Music journalist John Graham, a steadfast presence in Portland culture and Willamette Week’s pages in the late ’90s and early ’00s, died in April in San Francisco. He was 52 years old. Not many details have surfaced, at least not that I’ve heard, but it doesn’t really matter. We’ve lost a singular intelligence and talent who dedicated himself to the service of independent culture.
I met John when I joined WW’s staff in 1999, and for years we worked shoulder-to-shoulder, running the paper’s music department. Heady times. Willamette Week produced thick issues packed with ads, operating with palpable swagger. The city was amid one of its cyclical self-celebrations, MAX and urban growth boundary and Pearl District all showcased as breakthrough expansions in an ever-upward trajectory. The music scene was exploding, engine of a bohemian upswing that would make Portland a national darling, et cetera—you know this part.
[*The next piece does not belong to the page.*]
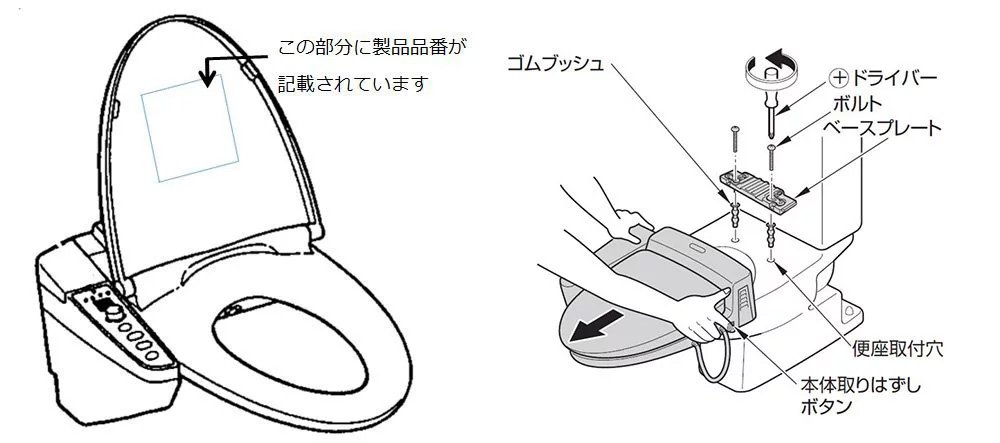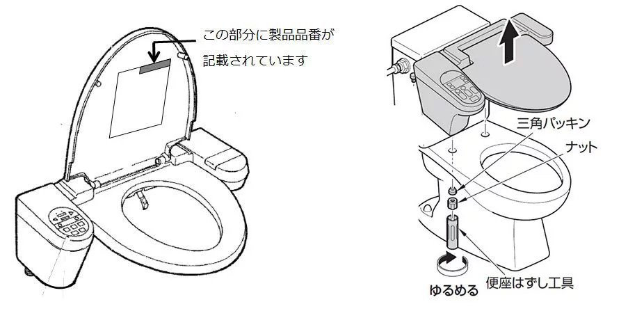 お使いのウォシュレットの製品品番を確認してください。(製品品番は、便ふたのラベルに記載しています。)

John Graham wasn’t necessarily sold on any of it. He made distinctions. If something, be it a band or a building or a trend or an idea, stood up to real scrutiny, great. If John found it to be bullshit, you would hear about why. He was immune to hype and trendiness. A man of many dimensions, above all John possessed—what’s that old-time word?—integrity.
He could also be hilarious, charming and raucous good company right alongside all that. I can see his skeptically cocked brow even now, his skater-boy haircut topping the face of a thin-white-duke-style natural aristocrat. John wore punk convictions on his literal sleeve (or lack thereof), but took himself less seriously than he took aesthetics and ethics. Meanwhile, he worked like a stevedore. In a given week, he would churn out thousands of words, combing a huge tranche of promo CDs and CD-Rs and even cassettes to create the Music listings, backbone of our section, now an archival map of a vanished scene. And then he’d pop off a diamond-cut, high-concept piece about a band he truly loved, his prose crackling with humor and invention, enthusiastically telling the world to check it out. Because that, in the end, was the real job.
John and I weren’t in touch much after he left Portland. I’m under the impression he pretty much kept calling it like he saw it, championing creativity and authenticity. I do know for sure that the world is dumber without him in it. He would hate that.